# Michigan Sportsman needs your help



## Hunt4Ever (Sep 9, 2000)

Well, if you take $300 per month in costs, times 12, equals $3,600. HHHMMMmmmmmmmm........

$1,500 is NOT enough. Let's shoot to at least double that. $3,000 is a better number. I really like this site. The members here at Michigan-Sportsman can do it. What little interaction I have had with you fellas, and ladies, shows me everyone can chip in. I like the $25 number. 

I checked the previous posts and since it is my idea to double it, I will chip in for $50, twice the highestest posted donation.

Anyone care to double my donation?


----------



## ESOX (Nov 20, 2000)

Hunt4Ever,
Truly awesome. I like your style. 

As I stated in another thread, we aint too proud to beg, and sure aren't picky. Send a buck if thats what you can spare. Every little bit helps,
Thanks,
Paul


----------



## WALLEYE MIKE (Jan 7, 2001)

Even tho I am not working much if any right now (no snow) I would gladly pay $25 for this website. Just sent my money in.


----------



## ih772 (Jan 28, 2003)

All the information that I get off this site is well worth the $15 I just kicked in.
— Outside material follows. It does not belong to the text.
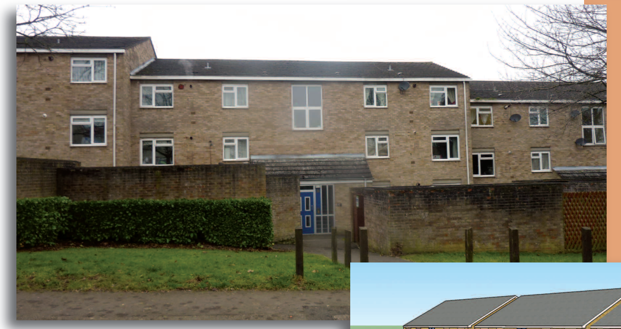
55-89 Bayswater Road

Excellent bargain if you ask me.


----------



## Stephen (Jan 5, 2003)

Just started using this site and already it's paid off in a few walleye! Thanks to the guys who keep it running....
Steve


----------



## Rat City Hooker (Jan 30, 2003)

Steve, Iwill donate 100.00 because this site is the best I have ever seen. Could not make your amazon conection work. Let me know what to do to donate.


----------



## fishctchr (Dec 3, 2000)

Come on guys were a third of the way to the goal, I know we can double it easy. If a part time millwright and summertime charterboat captain can donate 25 you can too


----------



## fatboy (May 8, 2002)

steve and gang- no problem sent 25.00 i know this site is worth much more but that's what i can do right now.


----------



## ESOX (Nov 20, 2000)

> _Originally posted by Rat City Hooker _
> *Steve, Iwill donate 100.00 because this site is the best I have ever seen. Could not make your amazon conection work. Let me know what to do to donate. *



Snail Mail:

michigan-sportsman.com
PO Box 930291
Wixom, MI 48393

Thanks!
Paul


----------



## perchhead (Jan 9, 2003)

i just sent out 15.00 dollars in the mail i have never used amazon. the site is well worth it i wish i could donate more.


----------



## perchhead (Jan 9, 2003)

i just sent out 15.00 dollars in the mail i have never used amazon. the site is well worth it i wish i could donate more.


----------



## JCHOGAN (Dec 7, 2002)

Good a time as any to loose my virginity. $25.00 in the mail when I get home from work.


----------



## ESOX (Nov 20, 2000)

> _Originally posted by JCHOGAN _
> *Good a time as any to loose my virginity. $25.00 in the mail when I get home from work. *


Does this guy know how to make an entrance or what???
Welcome JCHOGAN!!!

Thanks.


----------



## krt (Nov 5, 2001)

Here's my $20. Does this mean that I am now a "gold" member?LOL. Easy decision being I gave IceTeam money to join their site and I don't even go there anymore. Much more info here.


----------



## jigworm (Jan 10, 2003)

You got my $20. Well worth the money.


----------



## JCHOGAN (Dec 7, 2002)

Thanks for the welcome. I've been lurking here since this site came up. I'll gladly help support a resource I enjoy as much as this site.


----------



## Lunker (Aug 27, 2001)

Im giving 20 bucks ... thats just a burgers and a beer ... I can miss that. Great site ... I want everyone to know that Clevelands great Steelheading site, noodlebagger.com is no where to be found now, that was one of the greatest sites ever too. I want to get to the post office now .... later.


----------



## Dick Graves (May 6, 2002)

Have closed two loans from viewers of this site, advertising works, as I said somewhere else, my $200.00 check is in the mail.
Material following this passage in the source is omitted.